▶ _Work item_
Reproduce, character for character, the lines below from the first through the one with "или ванная, туалет);". Leave pictures out.

### Data listing

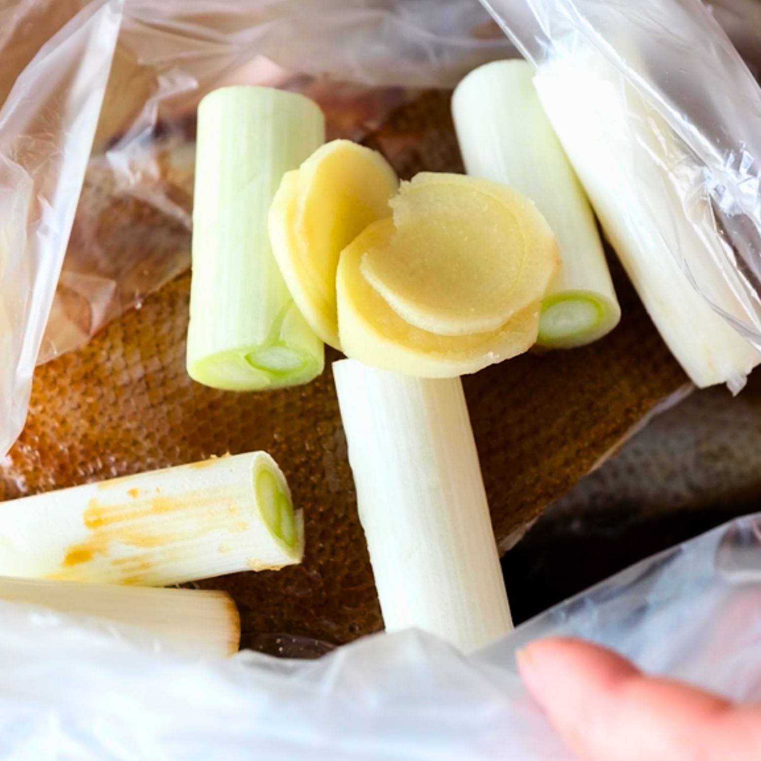 耐熱袋に下処理した魚・A・食べやすい長さに切った長ねぎ・薄切りにした生姜を入れ、軽くなじませる。
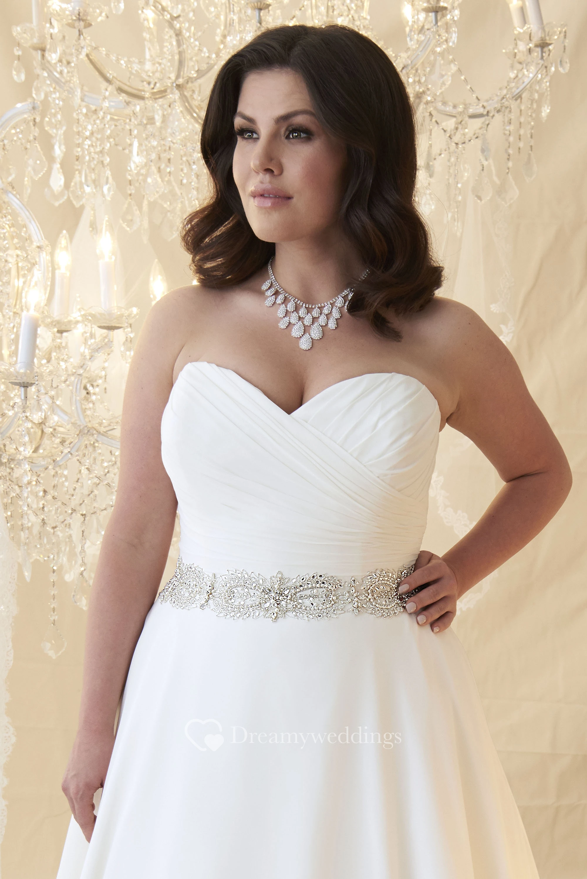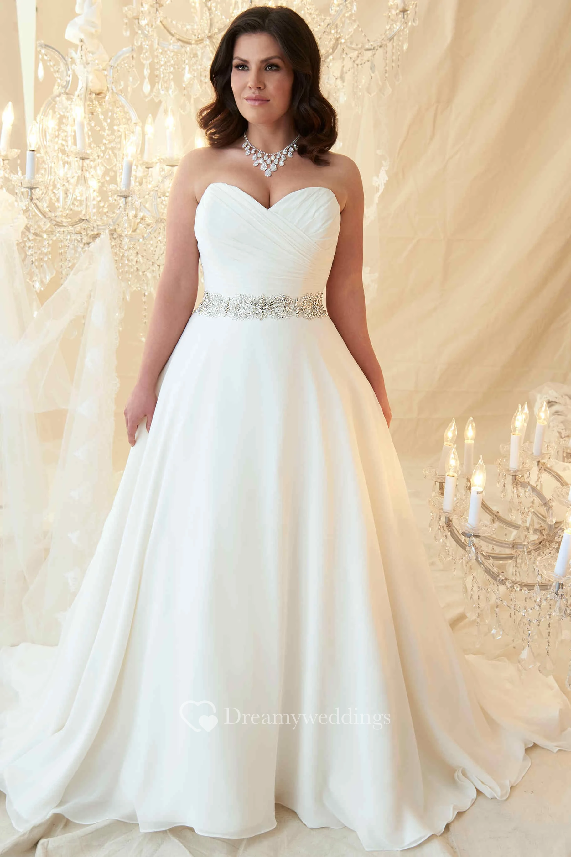 A-Line Sweetheart Jeweled Chiffon Plus Size Wedding Dress With Criss Cross And Zipper
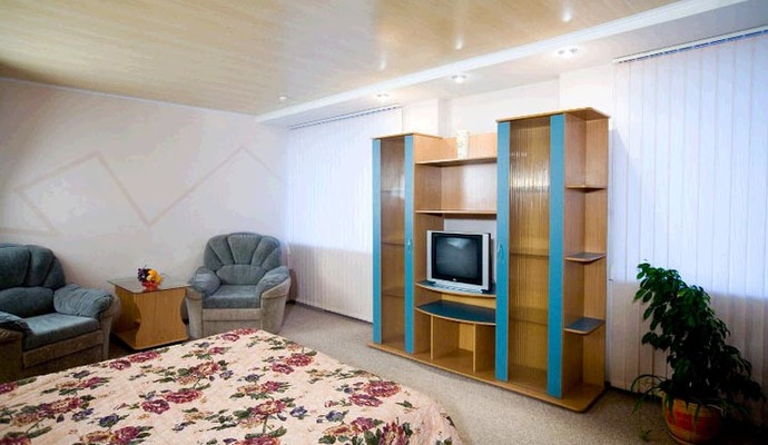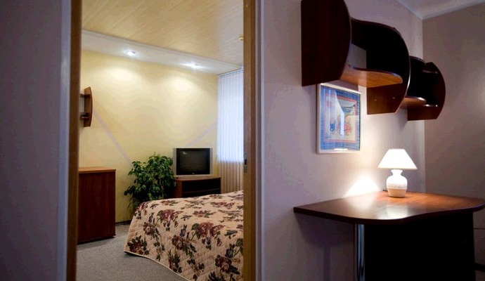 * Двухместные двухкомнатные номера категории "Люкс "(30 кв. м) – гостиная с мягкой мебелью, спальня с двуспальной кроватью), мини-холодильник, телевизор, телефон, санузел (душ или ванная, туалет);
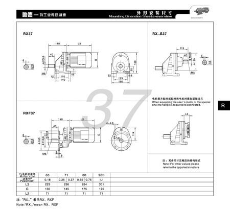 R系列斜齒輪硬齒面減速機:R為兩級或三級減速 RX為單級 規格型號: R17、R27、R37、R47、R57、R67、R77、R87、R97、R107、R137、R147、R167 RX37、RX57、RX67、RX77、RX87、RX97、RX107、RX127、RX157 R37輸入功率為0.18KW~3kw;傳動比為3.33~134.82;減速機重量為8.5kg。
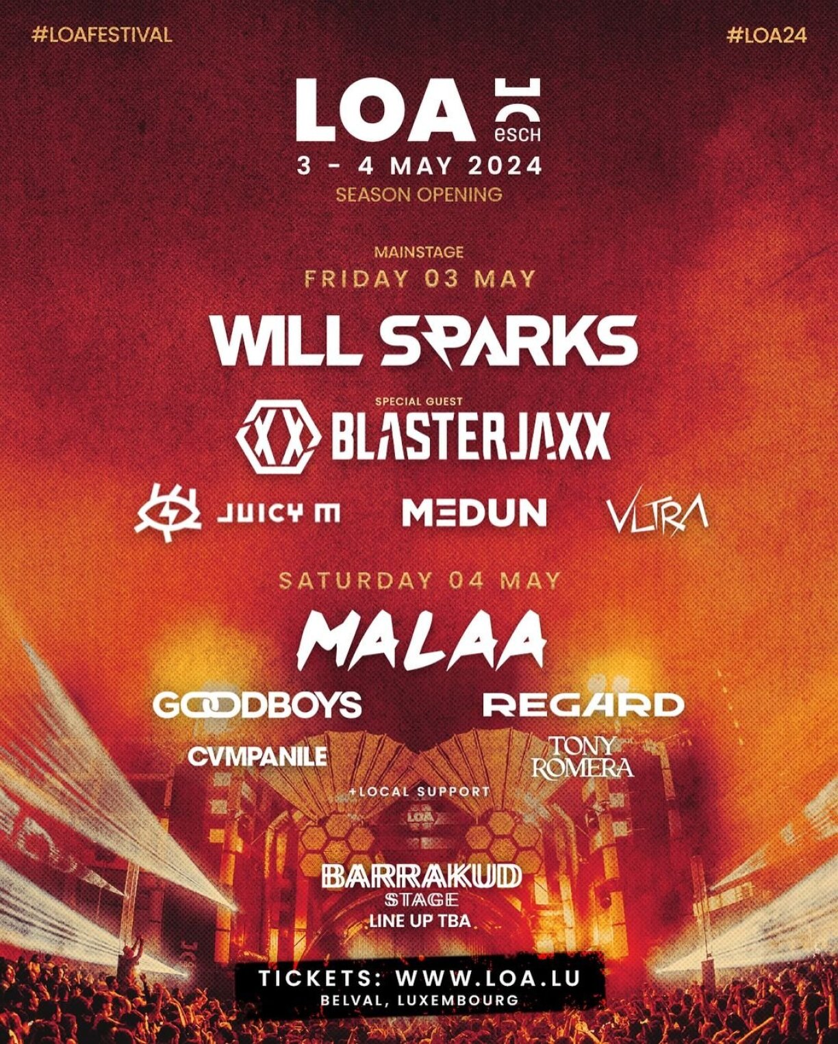 This Friday and Saturday marks the festival’s 2024 launch, with three stages surrounding Belval’s iconic blast furnaces — featuring headliners like French producer Malaa, Australian DJ Will Sparks, and Dutch duo Blasterjaxx.

######

▶ _Exercise solution_
 耐熱袋に下処理した魚・A・食べやすい長さに切った長ねぎ・薄切りにした生姜を入れ、軽くなじませる。
 A-Line Sweetheart Jeweled Chiffon Plus Size Wedding Dress With Criss Cross And Zipper
 * Двухместные двухкомнатные номера категории "Люкс "(30 кв. м) – гостиная с мягкой мебелью, спальня с двуспальной кроватью), мини-холодильник, телевизор, телефон, санузел (душ или ванная, туалет);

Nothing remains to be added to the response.